代做Statistical inference代写R编程

2024.08.06 - 首页 >> Database

Statistical inference

1. Explain the difference between a ‘proper score‘ and a ‘strictly proper score‘.

2. Discuss some possible problems with assessing predictions using a ‘non-proper score‘.

3. Explain how one can estimate the integral:

using Monte Carlo importance sampling. Define a suitable sampling distribution and write an expression for the importance sampling estimator ˆA.

Poisson distribution

Consider the Poisson distribution with parameter λ. The function exceed defined below is supposed to take a data.frame. with numerical columns lambda and response as input and then output a data.frame. with the same column and values, plus a new column named probability containing the probability that a value from a Possion(λ) distribution is larger than the given response variable values.

exceed <- function(data) {

data["probability", ] <- ppois(data$response, data$lambda)

}

Below is an example of how the function works in its given form.

print(exceed(data.frame(lambda = 5:10, response = 10:15)))

## Warning in matrix(value, n, p): data length differs from size of matrix: [6 !=

## 1 x 2]

## [1] 0.9863047 0.9799080 0.9730002 0.9658193 0.9585337 0.9512596

and how the function is supposed to work

## lambda response probability

## 1 5 10 0.9863047

## 2 6 11 0.9799080

## 3 7 12 0.9730002

## 4 8 13 0.9658193

## 5 9 14 0.9585337

## 6 10 15 0.9512596

Identify the coding errors in the exceed function. Wirte the correct form. and test it.

Scottish weather data analysis

The Global Historical Climatology Network provides historical weather data collected from all over the globe. Here, we will use a subset of the daily resolution data set containing data from eight weather stations in Scotland, covering the time period from 1 January 1960 to 31 December 2018 (see ghcnd_stations.Rdata and ghcnd_values.Rdata). Some of the measurements are missing, either due to instrument problems or data collection issues.

The ghcnd_stations data frame. has 5 variables:

• ID: The identifier code for each station

• Name: The humanly readable station name

• Latitude: The latitude of the station location, in degrees

• Longitude: The longitude of the station location, in degrees

• Elevation: The station elevation, in metres above sea level

The ghcnd_values data frame. has 7 variables:

• ID: The station identifier code for each observation

• Year: The year the value was measured

• Month: The month the value was measured

• Day: The day of the month the value was measured

• DecYear: “Decimal year”, the measurement date converted to a fractional value, where whole numbers correspond to 1 January, and fractional values correspond to later dates within the year. This is useful for both plotting and modelling.
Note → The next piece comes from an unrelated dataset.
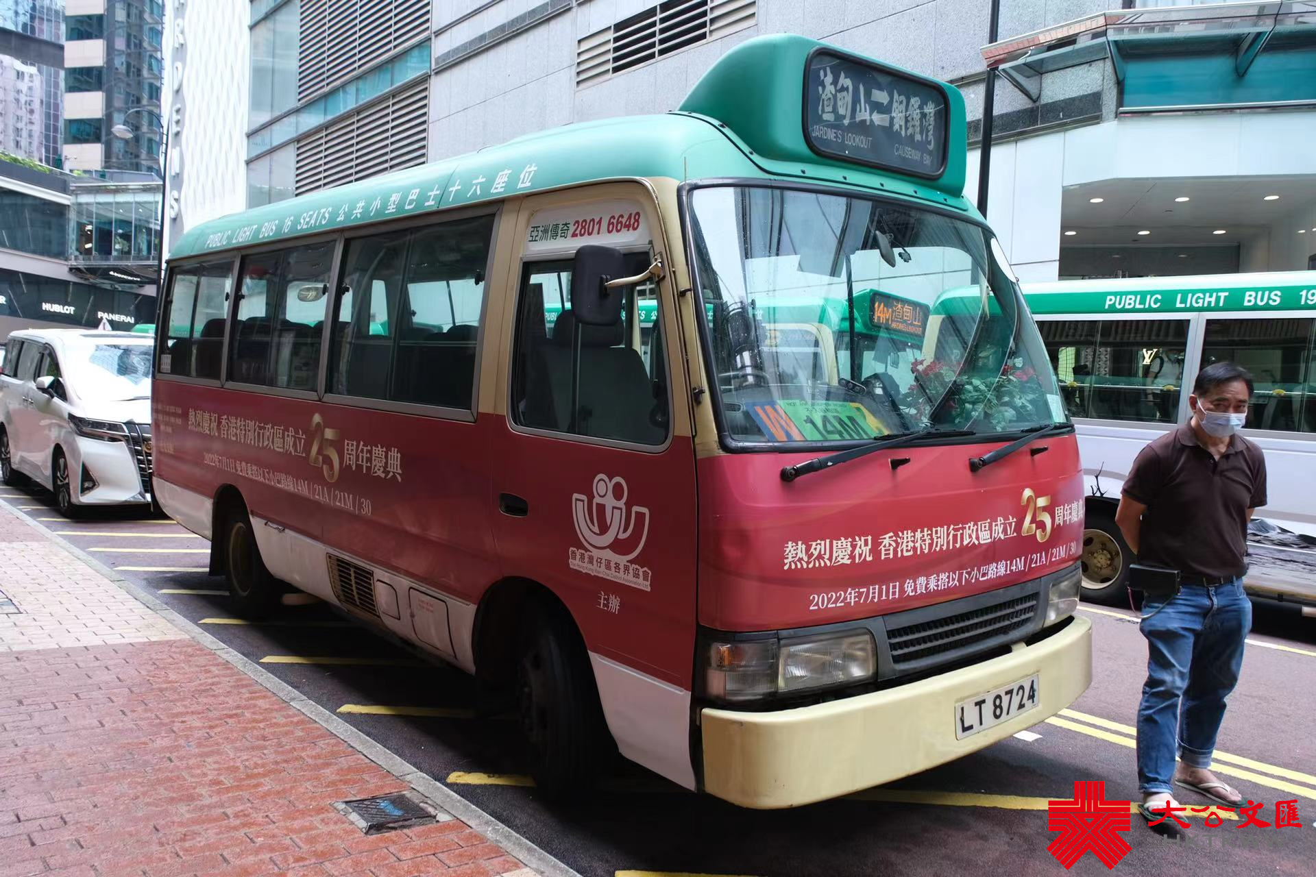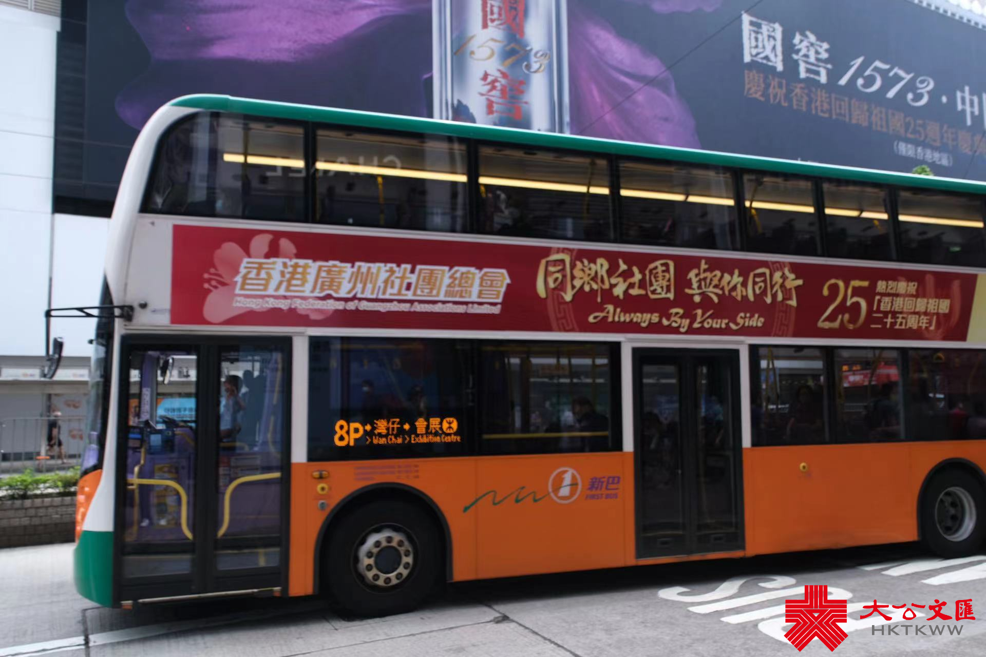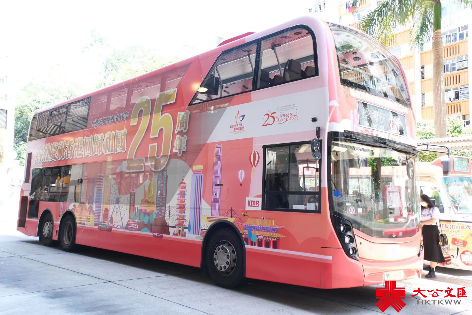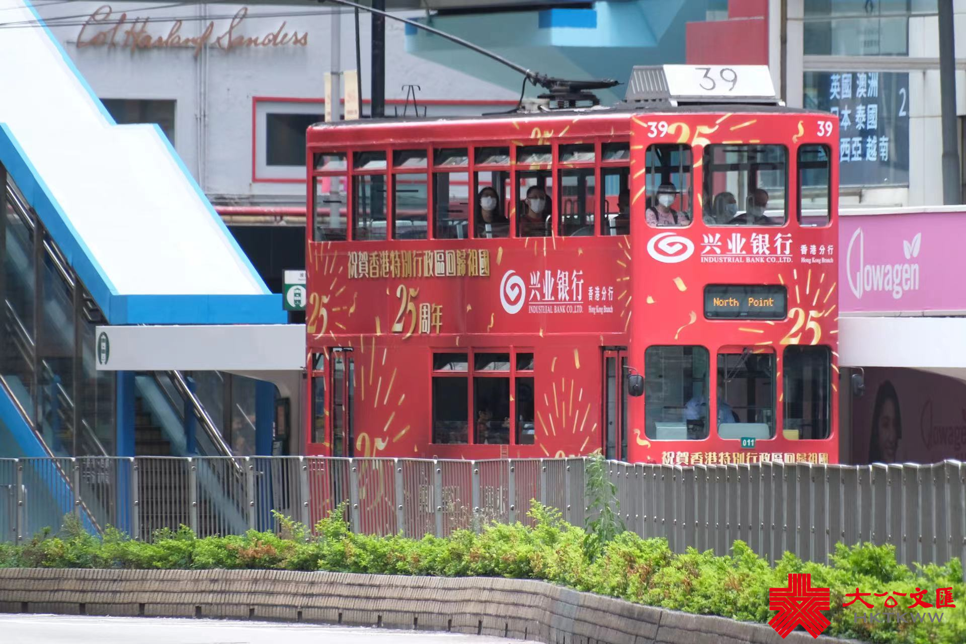 大公文匯全媒體報道,明天是香港回歸祖國25周年紀念日,港島九龍等多地的公共交通工具上裝飾了「同心慶回歸 同行創未來」的標語,穿行在大街小巷,全港各地慶祝氣氛日趨濃烈。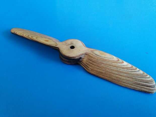 En este instructable yo te llevará al proceso de producción de eso; una hélice de madera de 5 x 4 pulgadas. La hélice se hace por láser cortar varias capas de aircraftplywood fino y pegar ellos juntos. Se trata de un propulsor de trabajo, en el video se puede ver encendido un avión RC!

• Element: One of “TMIN” (minimum temperature), “TMAX” (maximum temperature), or “PRCP” (precipitation), indicating what each value in the Value variable represents

• Value: Daily measured temperature (in degrees Celsius) or precipitation (in mm)

The aim is to estimate a basic weather/climate model for Scotland using all but one weather station, and assess the resulting spatial and temporal predictions on the remaining station. Start by filtering the data so you only have data of type Element == "TMAX". Then use pivot_wider() to create columns with data from each station, with the station ID as column name. If there are any missing values, use drop_na() to remove the corresponding rows of the data frame. To allow separate model estimation and prediction, split the data into two separate data frames; one with data from odd years, and one with data from even years.

Model estimation

Plot temperature maxima and analyze the behavior, e.g., seasonal effect across the years for each stations. Use only half of the daily weather data for the model estimation (the other half should be used for prediction). Build a spatial weather prediction/interpolation model that predicts the weather at Breamar (ID == "UKE00105874"), using the data from the other 7 weather stations using the function lm(). Define and discuss the model. Present and discuss the results of the estimation, including interpretation of the parameter estimates and the effect of additional covariates.

Model assessment

Use predict() to predict the daily weather at Braemar, using the half of the data that was not used for model estimation. Add the prediction and score information as new columns of the data object, so that you can use group_by(), mutate(), filter(), summarise() and ggplot2 method to help with the calculations and presentation of results.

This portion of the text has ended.